Documented C2 indicators of compromise include the IP addresses 162.216.241[.]242 and 198.23.185[.]81. The source does not specify whether the identified domains were still active at the time of the report's publication, nor how many victims — individuals or organizations — were actually compromised. Attribution to a specific threat actor is not provided.
What to Do Now
Organizations must treat RMM tool installation as a monitorable security event, not a routine administrative operation. Three specific actions for the documented case:
Verify the provenance of freeware installers. The campaign delivered payloads via sites impersonating OBS Studio, DNS Jumper, DS4Windows, and Bandicam across more than 90 spoofed domains in 10 languages. Downloads must come exclusively from verified official domains, not from uncontrolled search-engine results.
Monitor execution of install.exe with DLL sideloading. The malicious archive bundles a signed Microsoft install.exe with a rogue install.res.1033.dll. Endpoint defenses should flag loading of libraries from non-standard paths or the coexistence of signed executables with suspicious DLLs in the same directory.
Watch for PowerShell scripts that configure Defender exclusions across all drives. The campaign's Fj5NmEsp9EuKrun.ps1 script disabled UAC and set root-level exclusions. This pattern is detectable via PowerShell logging and behavioral analytics rules on security-policy modifications.
Analyze RegAsm.exe processes with the CREATE_SUSPENDED flag. The documented process hollowing uses RegAsm.exe as a container. Monitoring creation of .NET processes with anomalous suspension flags, followed by memory writes into the process, intercepts this final stage of the chain.
Questions and Answers
Is ScreenConnect itself vulnerable or compromised?
No. ScreenConnect is a legitimate RMM tool abused as an access vehicle. The dossier reveals no product vulnerability or supply-chain compromise.

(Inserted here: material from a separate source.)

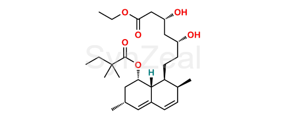 Simvastatin EP Impurity M is chemically Ethyl (3R,5R)-7-[(1S,2S,6R,8S,8aR)-8-[(2,2-dimethylbutanoyl)oxy]-2,6-dimethyl-1,2,6,7,8,8a-hexahydronaphthalen-1-yl]-3,5-dihydroxyheptanoate,(as per EP). It is also known as Simvastatin Acid Ethyl Ester. Simvastatin EP Impurity M is supplied with detailed characterization data compliant with regulatory guideline. Simvastatin EP Impurity M can be used for the analytical method development, method validation (AMV), Quality Controlled (QC) application for Abbreviated New Drug Application (ANDA) or during commercial production of Simvastatin.

Why does the process hollowing occur in RegAsm.exe?
RegAsm.exe is a signed Microsoft .NET component, so its execution raises no alarms. Process hollowing hollows out its address space and injects the payload, achieving persistence behind the appearance of a trusted process.
Is the campaign still active?
The Kaspersky report does not specify the current status of the spoofed domains or the total duration of the C2 operation. The investigation data refers to an incident detected in 2022.
Information is based on the cited source and current as of publication.